- AVAILABLE DATA:

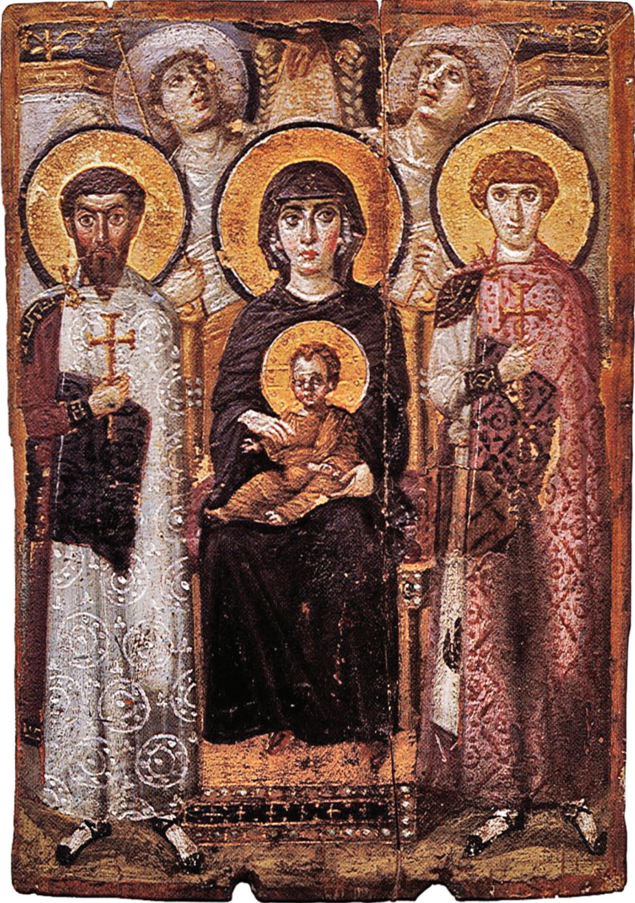
Fig. 6 – Icône à l'encaustique sur panneau de bois, 685 × 497 mm, Sinaï, VI e -VII e siècle, Monastère Sainte-Catherine du Sinaï. La Vierge à l'Enfant entourée par deux anges, saint Théodore Stratilate et saint Georges – ill. tirée de Byzantium and Islam (cité n. 5), p. 127, fig. 55.
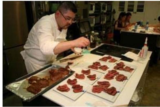
タリアータ(薄切肉料理)の食べ比べ

今後は、県内産地探訪ツアー等を企画しており、産地と実需のマッチングをより強固なものにしていく予定です。(普及現地情報より)
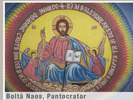
Boltă Naos, Pantocrator
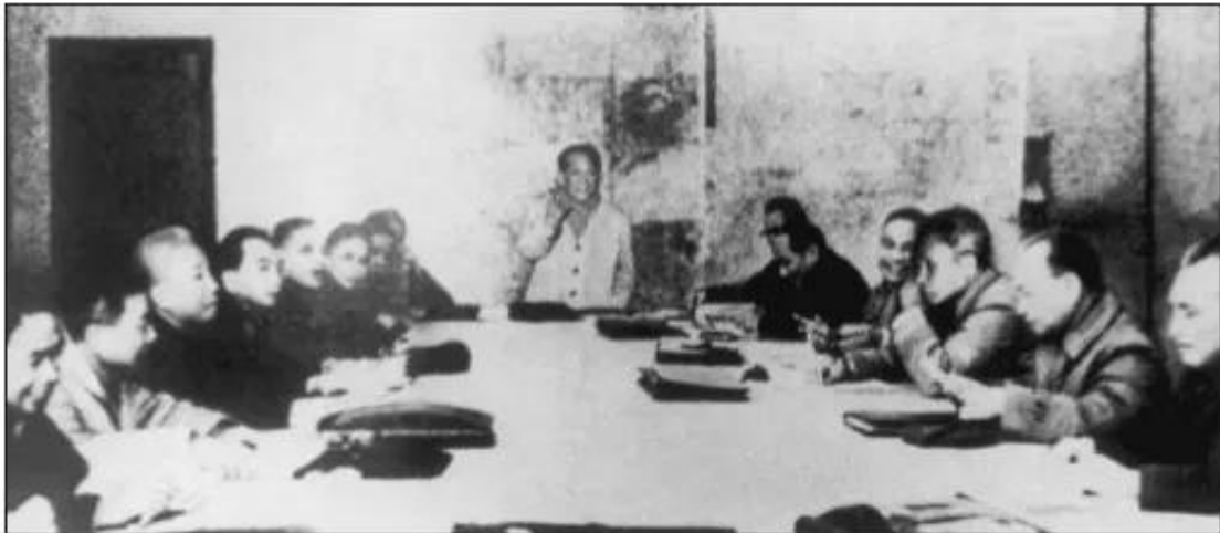
Hình 88. Bộ Chính trị họp Hội nghị mở rộng, quyết định kế hoạch giải phóng miền Nam
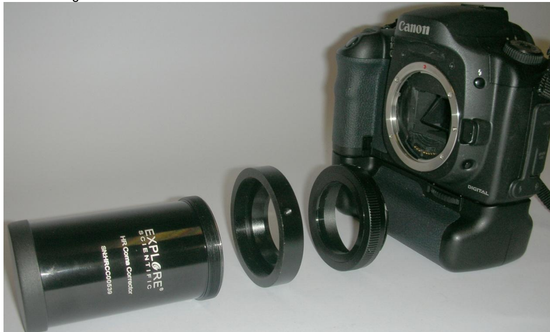
Abbildung 5: HR Coma Corrector mit T2-Adapter, T2-Ring und Kamera

Für die Verwendung mit einer Kamera muß der Helical-Okularauszug des HR Coma Correctors entfernt werden. Schrauben Sie dazu den kleinen Innensechskant-Gewindestift auf der Rückseite des Helical-Okularauszuges (von der Skala aus gesehen) so weit heraus, daß sich der Helical abschrauben läßt, wie in Abbildung 2 ersichtlich. Sie haben zwei Adapter, um Ihre Kamera an den HR Coma Corrector anzuschließen: einen Adapter auf T2, den Sie für die Verwendung z.B. mit digitalen Spiegelreflexkameras (DSLR) benötigen. Bitte beachten Sie, daß Sie bei der Verwendung des Korrektors mit einem speziellen Kameratyp noch zusätzlich des T2-Adapter für diesen Kameratyp benötigen. Der entsprechende T2-Adapter ist nicht im Lieferumfang des HR Coma-Correctors enthalten.
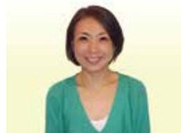
三井不動産商業マネジメント(株)日本橋オペレーションセンター 日本橋オペレーションセンター
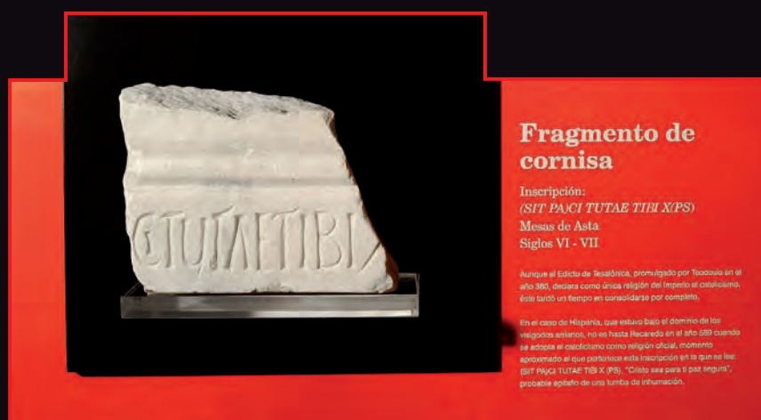
▲ Elemento destacado en recorrido rápido

Cada uno de estos elementos se encuentra destacado en el recorrido general, bien dentro de vitrina o en el exterior, con un enmarque negro sobre un fondo rojo. Un pequeño texto explicativo señala las características fundamentales de la pieza en sí y del contexto histórico al que se adscribe.
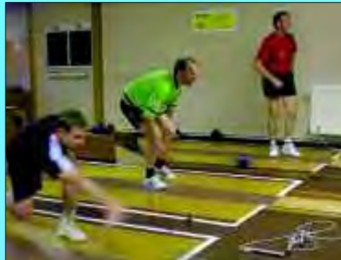
Kegeln sollte nicht unterschätzt und als Sport der Älteren abgestempelt werden – bald werden die Kegel auf der neuen Kegelbahn fallen

Die Bürger der ruhigen Gemeinde Glienicke/Nordbahn können sich über ein reges Vereinsleben und eine bunte Palette verschiedener Vereinen freuen. Heute in dieser schnelllebigen Zeit ist es sehr wichtig soziale Kontakte zu pflegen, Jugend zu fördern und gemeinsam etwas zu bewältigen. Das bieten Vereine. Der wohl größte und vom Angebot an verschiedensten Sportarten umfangreichste, ist der Sportverein Glienicke/Nordbahn e.V. mit seinen sieben Abteilungen. Darunter Badminton, Fußball, Gymnastik, Kegeln, Sportschießen, Tischtennis und Volleyball. Entstanden ist dieser Sportverein 1949, hauptsächlich durch das Engagement der Kegler und Turner. Damals war die einzige Sportstätte die selbsterbaute Kegelbahn, alle anderen Sportarten mussten in öffentlichen Gebäuden, Räumen und auf Plätzen durchgeführt werden. Die ehemalige Kegelbahn fiel dann jedoch der Umgestaltung des Ortskerns zum Opfer. Noch in diesem Jahr wird aus der jetzigen Schützenhalle eine neue Kegelbahn und auf den Anbau wird die Schützenhalle gesetzt. Die erste Turnhalle entstand Anfang der 50er Jahre, nachdem der Rat des Landkreises Oranienburg eingewilligt hatte finanzielle Mittel für den Bau einer Sporthalle zur Verfügung zu stellen. Mit tatkräftiger Unterstützung zahlreicher freiwilliger
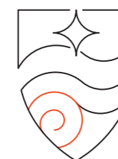
Fossile d'Ammonite Représente la richesse paléontologique des Vaches Noires.
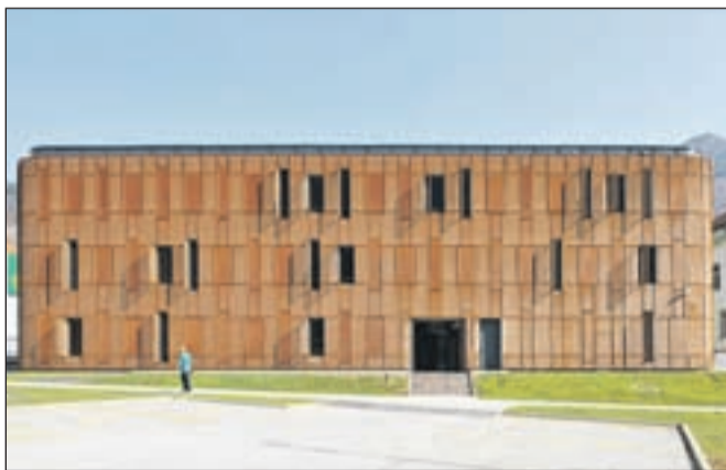
Upravni center Jesenice od zunaj ...

Sicer pa na Upravni enoti Jesenice še naprej pozivajo občane, ki jim letos poteče veljavnost osebnih dokumentov, naj pravočasno poskrbijo za njihovo zamenjavo. »V prvih treh mesecih je na območju Upravne enote Jesenice potekla veljavnost 1345 osebnih izkaznic in 2660 potnim listom. V tem obdobju smo na naši upravni enoti izdali več kot 2600 osebnih izkaznic in skoraj 1400 potnih listov. V mesecu aprilu poteče veljavnost skoraj 900 osebnih izkaznic in več kot 2400 potnim listom. Ker se konec aprila pričnejo prvomajske počitnice in s tem tudi potovanja, znova opozarjamo občane, da preverijo veljavnost svojih dokumentov in ve-
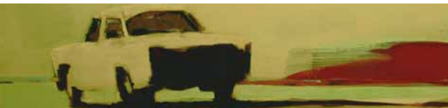
Detalj: Den gamle bilen og havet

Litteratursymposiets storslåtte opningsforestilling. Sjå eige oppslag s. 8.
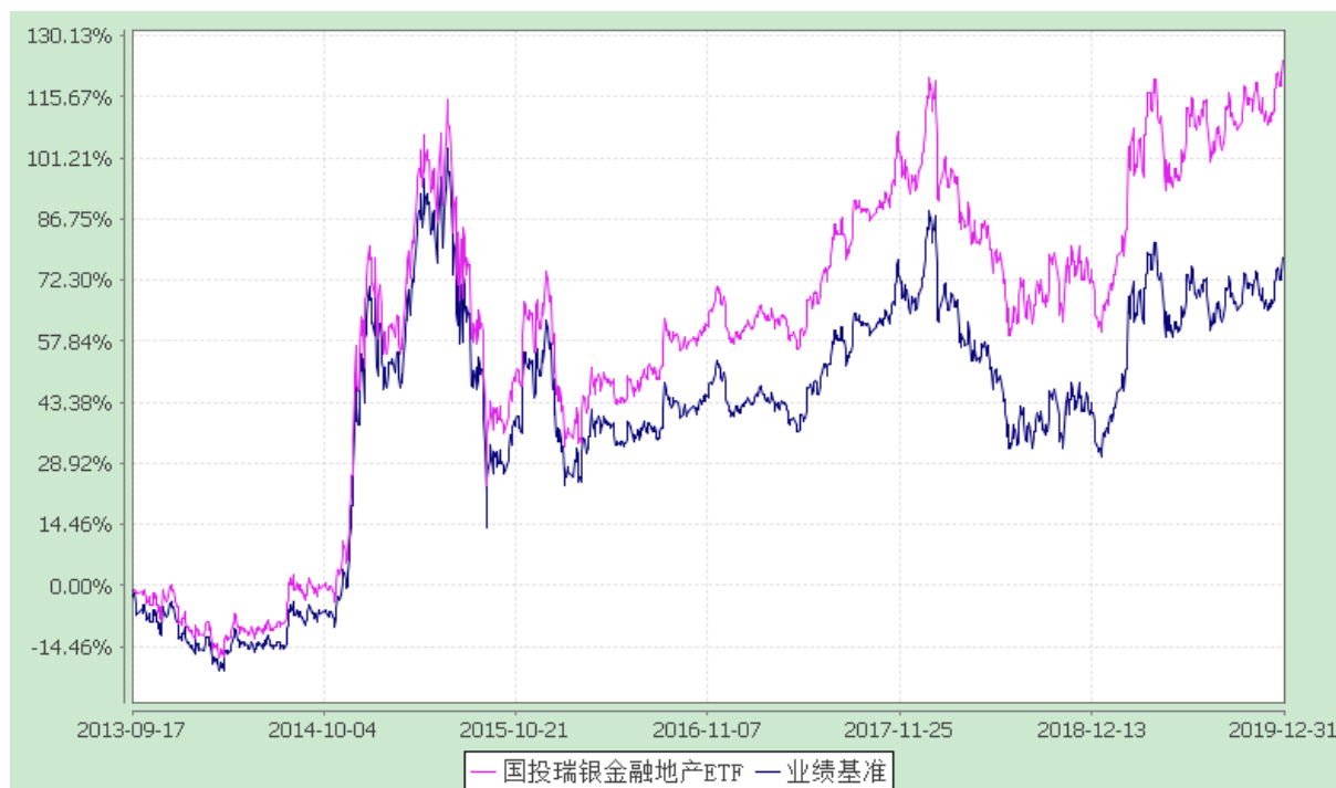
份额累计净值增长率与业绩比较基准收益率的历史走势对比图 (2013 年 9 月 17 日至 2019 年 12 月 31 日)

注：本基金建仓期为自基金合同生效日起的 3 个月。截至建仓期结束，本基金各项资产配置比例符合基金合同及招募说明书有关投资比例的约定。

- PROBLEM REQUIREMENTS: Reproduce the data above in full, exactly as it is, with the pictures left out.

- FINISHED EXERCISE:
Fig. 6 – Icône à l'encaustique sur panneau de bois, 685 × 497 mm, Sinaï, VI e -VII e siècle, Monastère Sainte-Catherine du Sinaï. La Vierge à l'Enfant entourée par deux anges, saint Théodore Stratilate et saint Georges – ill. tirée de Byzantium and Islam (cité n. 5), p. 127, fig. 55.
タリアータ(薄切肉料理)の食べ比べ

今後は、県内産地探訪ツアー等を企画しており、産地と実需のマッチングをより強固なものにしていく予定です。(普及現地情報より)
Boltă Naos, Pantocrator
Hình 88. Bộ Chính trị họp Hội nghị mở rộng, quyết định kế hoạch giải phóng miền Nam
Abbildung 5: HR Coma Corrector mit T2-Adapter, T2-Ring und Kamera

Für die Verwendung mit einer Kamera muß der Helical-Okularauszug des HR Coma Correctors entfernt werden. Schrauben Sie dazu den kleinen Innensechskant-Gewindestift auf der Rückseite des Helical-Okularauszuges (von der Skala aus gesehen) so weit heraus, daß sich der Helical abschrauben läßt, wie in Abbildung 2 ersichtlich. Sie haben zwei Adapter, um Ihre Kamera an den HR Coma Corrector anzuschließen: einen Adapter auf T2, den Sie für die Verwendung z.B. mit digitalen Spiegelreflexkameras (DSLR) benötigen. Bitte beachten Sie, daß Sie bei der Verwendung des Korrektors mit einem speziellen Kameratyp noch zusätzlich des T2-Adapter für diesen Kameratyp benötigen. Der entsprechende T2-Adapter ist nicht im Lieferumfang des HR Coma-Correctors enthalten.
三井不動産商業マネジメント(株)日本橋オペレーションセンター 日本橋オペレーションセンター
▲ Elemento destacado en recorrido rápido

Cada uno de estos elementos se encuentra destacado en el recorrido general, bien dentro de vitrina o en el exterior, con un enmarque negro sobre un fondo rojo. Un pequeño texto explicativo señala las características fundamentales de la pieza en sí y del contexto histórico al que se adscribe.
Kegeln sollte nicht unterschätzt und als Sport der Älteren abgestempelt werden – bald werden die Kegel auf der neuen Kegelbahn fallen

Die Bürger der ruhigen Gemeinde Glienicke/Nordbahn können sich über ein reges Vereinsleben und eine bunte Palette verschiedener Vereinen freuen. Heute in dieser schnelllebigen Zeit ist es sehr wichtig soziale Kontakte zu pflegen, Jugend zu fördern und gemeinsam etwas zu bewältigen. Das bieten Vereine. Der wohl größte und vom Angebot an verschiedensten Sportarten umfangreichste, ist der Sportverein Glienicke/Nordbahn e.V. mit seinen sieben Abteilungen. Darunter Badminton, Fußball, Gymnastik, Kegeln, Sportschießen, Tischtennis und Volleyball. Entstanden ist dieser Sportverein 1949, hauptsächlich durch das Engagement der Kegler und Turner. Damals war die einzige Sportstätte die selbsterbaute Kegelbahn, alle anderen Sportarten mussten in öffentlichen Gebäuden, Räumen und auf Plätzen durchgeführt werden. Die ehemalige Kegelbahn fiel dann jedoch der Umgestaltung des Ortskerns zum Opfer. Noch in diesem Jahr wird aus der jetzigen Schützenhalle eine neue Kegelbahn und auf den Anbau wird die Schützenhalle gesetzt. Die erste Turnhalle entstand Anfang der 50er Jahre, nachdem der Rat des Landkreises Oranienburg eingewilligt hatte finanzielle Mittel für den Bau einer Sporthalle zur Verfügung zu stellen. Mit tatkräftiger Unterstützung zahlreicher freiwilliger
Fossile d'Ammonite Représente la richesse paléontologique des Vaches Noires.
Upravni center Jesenice od zunaj ...

Sicer pa na Upravni enoti Jesenice še naprej pozivajo občane, ki jim letos poteče veljavnost osebnih dokumentov, naj pravočasno poskrbijo za njihovo zamenjavo. »V prvih treh mesecih je na območju Upravne enote Jesenice potekla veljavnost 1345 osebnih izkaznic in 2660 potnim listom. V tem obdobju smo na naši upravni enoti izdali več kot 2600 osebnih izkaznic in skoraj 1400 potnih listov. V mesecu aprilu poteče veljavnost skoraj 900 osebnih izkaznic in več kot 2400 potnim listom. Ker se konec aprila pričnejo prvomajske počitnice in s tem tudi potovanja, znova opozarjamo občane, da preverijo veljavnost svojih dokumentov in ve-
Detalj: Den gamle bilen og havet

Litteratursymposiets storslåtte opningsforestilling. Sjå eige oppslag s. 8.
份额累计净值增长率与业绩比较基准收益率的历史走势对比图 (2013 年 9 月 17 日至 2019 年 12 月 31 日)

注：本基金建仓期为自基金合同生效日起的 3 个月。截至建仓期结束，本基金各项资产配置比例符合基金合同及招募说明书有关投资比例的约定。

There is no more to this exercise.